▸ Assignment: The answer should hold only the lines from the one containing "Цвет #64075F в" through the one containing "I Japan får" in the entries below, copied exactly, without pictures.

▸ Given data:
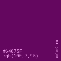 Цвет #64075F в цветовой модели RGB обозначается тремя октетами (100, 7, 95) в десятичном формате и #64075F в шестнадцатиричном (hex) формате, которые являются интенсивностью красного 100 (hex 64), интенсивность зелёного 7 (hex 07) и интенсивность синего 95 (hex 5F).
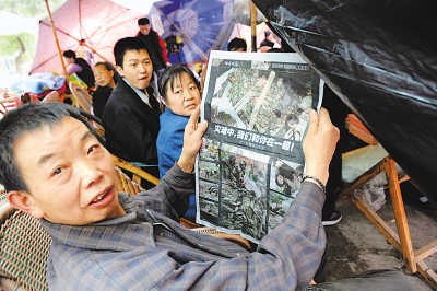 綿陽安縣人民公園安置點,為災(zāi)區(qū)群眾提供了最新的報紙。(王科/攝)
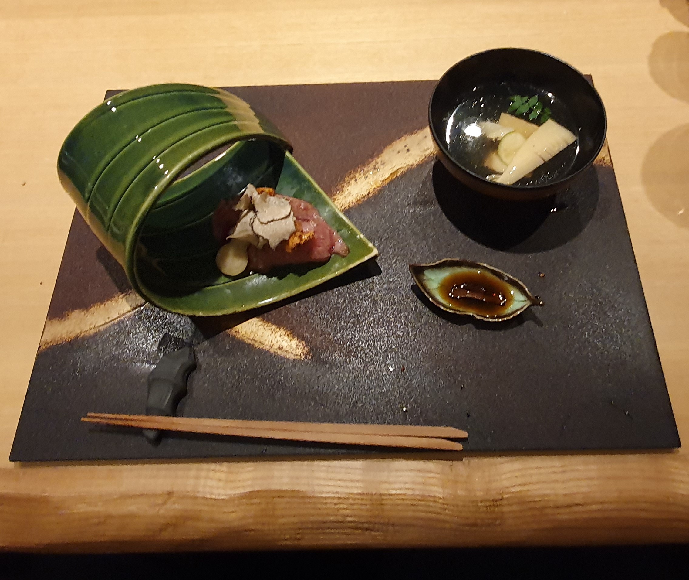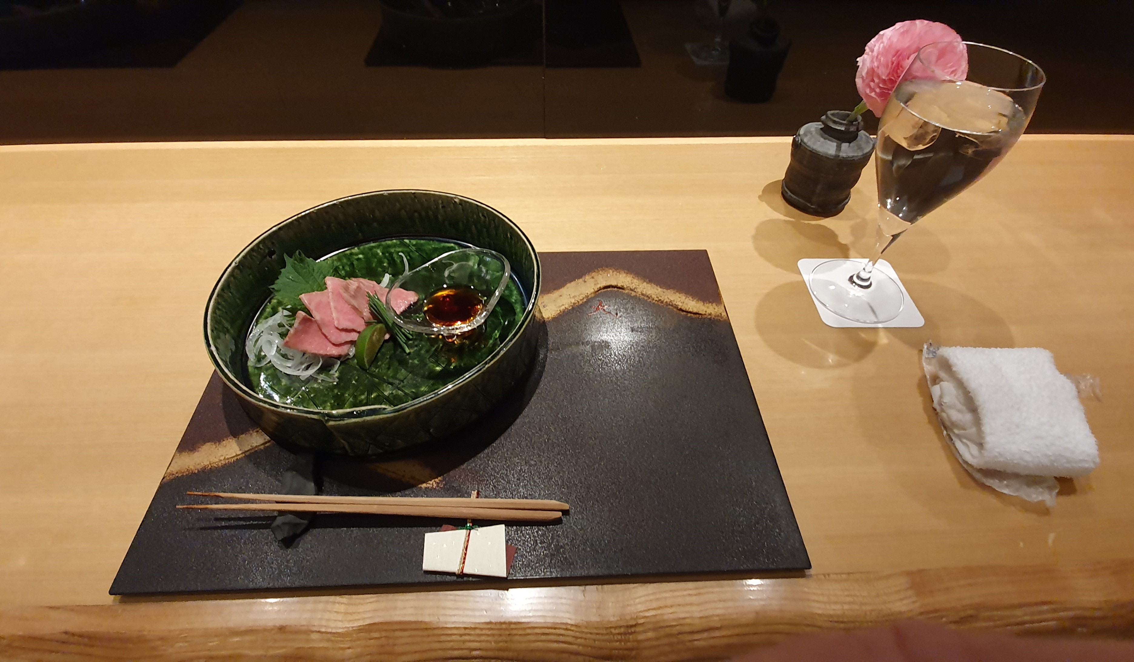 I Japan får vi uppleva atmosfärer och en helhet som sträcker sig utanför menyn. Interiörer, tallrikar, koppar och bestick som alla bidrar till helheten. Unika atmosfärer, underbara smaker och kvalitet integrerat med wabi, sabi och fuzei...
* * *
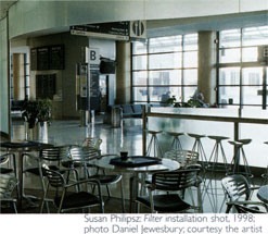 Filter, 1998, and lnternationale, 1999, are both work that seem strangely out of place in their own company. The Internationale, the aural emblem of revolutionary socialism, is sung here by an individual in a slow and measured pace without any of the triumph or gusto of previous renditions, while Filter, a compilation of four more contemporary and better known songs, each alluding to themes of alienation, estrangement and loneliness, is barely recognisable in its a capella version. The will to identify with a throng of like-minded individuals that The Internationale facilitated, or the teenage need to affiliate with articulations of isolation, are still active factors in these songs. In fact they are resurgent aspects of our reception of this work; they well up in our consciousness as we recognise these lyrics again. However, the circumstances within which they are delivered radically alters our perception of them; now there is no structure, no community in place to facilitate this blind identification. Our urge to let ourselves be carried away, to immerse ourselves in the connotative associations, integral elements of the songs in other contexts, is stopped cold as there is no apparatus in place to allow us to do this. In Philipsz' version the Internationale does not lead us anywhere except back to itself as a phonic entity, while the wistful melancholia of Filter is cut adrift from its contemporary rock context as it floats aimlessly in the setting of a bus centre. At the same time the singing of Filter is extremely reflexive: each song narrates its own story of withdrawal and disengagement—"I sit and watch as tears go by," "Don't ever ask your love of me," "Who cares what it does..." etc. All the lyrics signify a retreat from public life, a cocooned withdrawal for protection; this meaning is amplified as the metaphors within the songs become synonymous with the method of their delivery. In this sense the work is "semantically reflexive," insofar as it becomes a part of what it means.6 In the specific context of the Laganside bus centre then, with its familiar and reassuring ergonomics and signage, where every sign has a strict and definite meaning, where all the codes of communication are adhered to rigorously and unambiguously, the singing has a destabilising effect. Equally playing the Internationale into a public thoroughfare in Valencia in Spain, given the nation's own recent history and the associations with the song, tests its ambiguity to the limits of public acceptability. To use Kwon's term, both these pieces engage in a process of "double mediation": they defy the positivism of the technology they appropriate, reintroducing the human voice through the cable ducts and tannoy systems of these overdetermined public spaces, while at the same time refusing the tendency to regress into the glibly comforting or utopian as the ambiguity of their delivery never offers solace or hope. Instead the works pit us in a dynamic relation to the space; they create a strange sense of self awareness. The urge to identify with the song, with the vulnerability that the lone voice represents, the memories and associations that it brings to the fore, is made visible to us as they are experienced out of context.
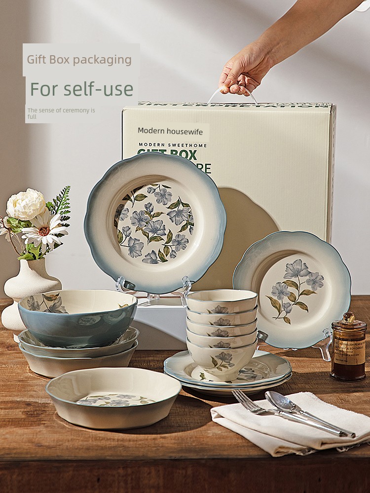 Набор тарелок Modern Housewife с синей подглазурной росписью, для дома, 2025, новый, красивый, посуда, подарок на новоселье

▸ Final answer:
 Цвет #64075F в цветовой модели RGB обозначается тремя октетами (100, 7, 95) в десятичном формате и #64075F в шестнадцатиричном (hex) формате, которые являются интенсивностью красного 100 (hex 64), интенсивность зелёного 7 (hex 07) и интенсивность синего 95 (hex 5F).
 綿陽安縣人民公園安置點,為災(zāi)區(qū)群眾提供了最新的報紙。(王科/攝)
 I Japan får vi uppleva atmosfärer och en helhet som sträcker sig utanför menyn. Interiörer, tallrikar, koppar och bestick som alla bidrar till helheten. Unika atmosfärer, underbara smaker och kvalitet integrerat med wabi, sabi och fuzei...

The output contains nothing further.